Das Imitieren von Gesichts- oder Mundbewegungen oder von Geräuschen, die mit Lippen, Zunge oder Kehlkopf erzeugt werden, ist eine Fähigkeit, die uns Menschen von anderen Primaten unterscheidet. Bereits Kleinkinder imitieren einfache Gesichtsbewegungen wie Mundöffnung oder Zungenprotrusion, selbst wenn sie ihr eigenes Gesicht nie gesehen haben.

Merke Das orofaziale und vokale Imitationsvermögen bildet vermutlich eine wichtige Voraussetzung für den Spracherwerb.

Patienten mit einer bukkofazialen Apraxie (bfA) haben diese Fähigkeit verloren. Sie haben Schwierigkeiten, nichtsprachliche Bewegungen der Vokaltraktmuskulatur auf Aufforderung oder imitatorisch auszuführen. Wenn man diese Patienten bittet, sich zu räuspern, sich die Oberlippe abzulecken oder die Nase zu rümpfen, reagieren sie oft ratlos, führen fehlerhafte oder zögerliche Bewegungen aus, korrigieren sich mehrfach vergeblich, zeigen angestrengte Suchbewegungen und geben ihre Bemühungen schließlich frustriert auf. Eine Patientin, die aufgefordert wird, ihre Zunge herauszustrecken, öffnet mehrmals angestrengt ihren Mund, phoniert ein /a::/, tastet mit der Hand nach ihrer Zunge, blickt den Untersucher ratlos an und bricht dann hilflos ab.

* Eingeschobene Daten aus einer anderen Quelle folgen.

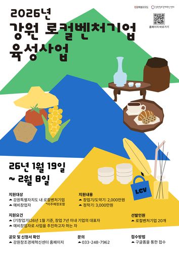 강원창조경제혁신센터는 지역 고유 가치를 비즈니스로 연결할 '2026년 로컬벤처기업 육성사업' 참여 기업을 오는 2월 8일까지 모집한다.

Dabei kann es zu einem späteren Zeitpunkt dazu kommen, dass die gleiche Patientin eine rasche und geschickte Zungenbewegung macht, um sich einen Krümel von der Lippe zu lecken oder die Wangentasche von einem Speiserest zu reinigen, oder dass sie sich deutlich hörbar räuspert.

Merke Eine bukkofaziale Apraxie fällt im Alltag oft gar nicht auf – sie wird erst bei klinischer Prüfung überhaupt erkannt.